O Coronel olhou para mim inquisitivamente, e eu maneei a cabeça.
— Pois é, — Takumi disse: — Ele me contou.
— Certo. E você ficou furioso, depois tomou um banho com o Gordo e agora está tudo bem. Ótimo. Então, naquela noite... — o Coronel continuou.
Fizemos o possível para ressuscitar a conversa daquela última noite para o Takumi, mas não conseguimos nos lembrar de tudo, em parte porque o Coronel estava bêbado e eu só fui prestar atenção quando ela mencionou Verdade ou Consequência. Além do mais, não sabíamos se aquilo tinha alguma importância. É sempre mais difícil se lembrar das últimas palavras quando você não sabe que a pessoa está para morrer.
— Bem, — disse o Coronel, — acho que eu e ela estávamos conversando sobre o fato de eu gostar dos jogos de skate na vida real. Então ela disse: 'Vamos jogar Verdade ou Consequência', e eles se comeram.
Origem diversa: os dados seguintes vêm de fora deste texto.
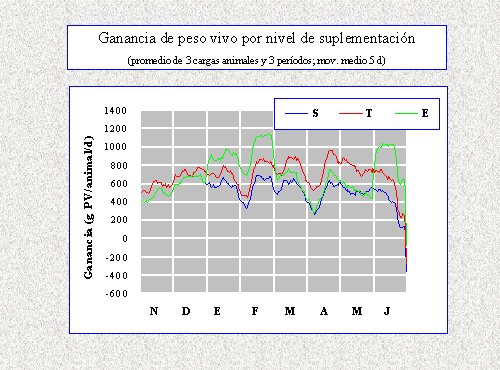 La producción animal empleando pasturas subtropicales mejoradas es una alternativa en una extensa área del Norte Argentino que posee condiciones aptas para su implantación. La selección de especies, cultivares y sistemas de utilización frecuentemente reposa en apreciaciones subjetivas debido a limitaciones para efectuar evaluaciones en un amplio rango de situaciones productivas. Se ha propuesto que la simulación empleando modelos basados en procesos biológicos podría orientar dichas evaluaciones y mejorar la extrapolación de sus resultados. Este trabajo tuvo como objetivo realizar un ejercicio de simulación para evaluar el impacto de la carga animal y del nivel de suplementación sobre la productividad animal utilizando un modelo que considera la dinámica de producción y pérdida de tejido foliar de la pastura, la distribución de la oferta nutritiva para el ganado y la evolución de los requerimientos nutricionales de los animales. El modelo empleado, dinámico, mecanístico y determinístico, es una extensión del propuesto por Johnson y Parsons (1985), y representa el flujo de tejidos mediante ocho compartimientos tisulares (4 de láminas y 4 de vainas y tallo) en intervalos diarios. Los parámetros de la pastura correspondieron a Setaria sphacelata cv. Narok fertilizada con 600 kg N/ha repartidos en 3 aplicaciones y 100 kg P/ha incorporados en la siembra. El intervalo de aparición de hojas empleado fue de 78.2 °C-días acumulados sobre una temperatura base de 8 °C, y la acumulación foliar máxima fue de 5 hojas. Las variables climáticas correspondieron a Reconquista, Prov. de Santa Fe, entre 1989 y 1992. Las pasturas fueron utilizadas en forma continua entre el 1ero de noviembre de cada año y el 30 de junio del año siguiente con terneros de frame 5 y 220 kg de peso vivo inicial, cuyos requerimientos y ganancias fueron estimados según recomendaciones del NRC (1996). El modelo fue codificado y ejecutado en MATLAB 3.5. Se simuló un experimento con arreglo factorial completo de tres cargas animales (carga baja, CB: 5, carga media, CM: 6 y carga alta, CA: 7 animales/ha) y tres tipos de suplementación diaria con semilla de algodón (S: sin suministro, T: 0,25 % del peso vivo todo el período de pastoreo y E: 0,65 % del peso vivo en enero, febrero y junio), replicado en tres períodos independientes analizados como bloques. Se efectuaron análisis de varianza y pruebas de comparaciones múltiples de Tukey (a =0,0001).

— Calma! Vocês se comeram? Na frente do Coronel? — Takumi gritou.
— Eu não comi ninguém.
— Calma, gente, o Coronel disse, jogando as mãos para o alto. — Foi só um eufemismo.
— Eufemismo para o quê?
— Para beijar.
— Ótimo eufemismo, — Takumi revirou os olhos. — Por acaso, eu sou o único que acha que isso pode ser relevante?
— Claro, nunca pensei nisso, — eu disse, impassivo. — Mas, agora, não sei. Ela não contou para o Jake. Não deve ter sido tão importante assim.
— Talvez ela estivesse se sentindo culpada, — ele disse.
— O Jake falou que ela parecia normal ao telefone antes do ataque de histeria, — o Coronel disse. — Deve ter sido algo nesse telefonema. Alguma coisa aconteceu que não estamos vendo. — O Coronel passou as mãos pelo cabelo grosso, sentindo-se frustrado. — Deus do céu, alguma coisa. Alguma coisa em seu íntimo. Só precisamos descobrir o que era.
— Só precisamos ler os pensamentos de uma pessoa morta, — também disse. — Parece fácil.
— Exato. Quer encher a cara? — o Coronel perguntou.
— Não estou com vontade de beber, — eu disse.
O Coronel vasculhou os recessos do sofá de espuma e puxou a garrafa de Gatorade do Takumi. Ele também não queria beber, então o Coronel abriu um sorriso forçado e disse: — Sobra mais pra mim, — e entornou a garrafa.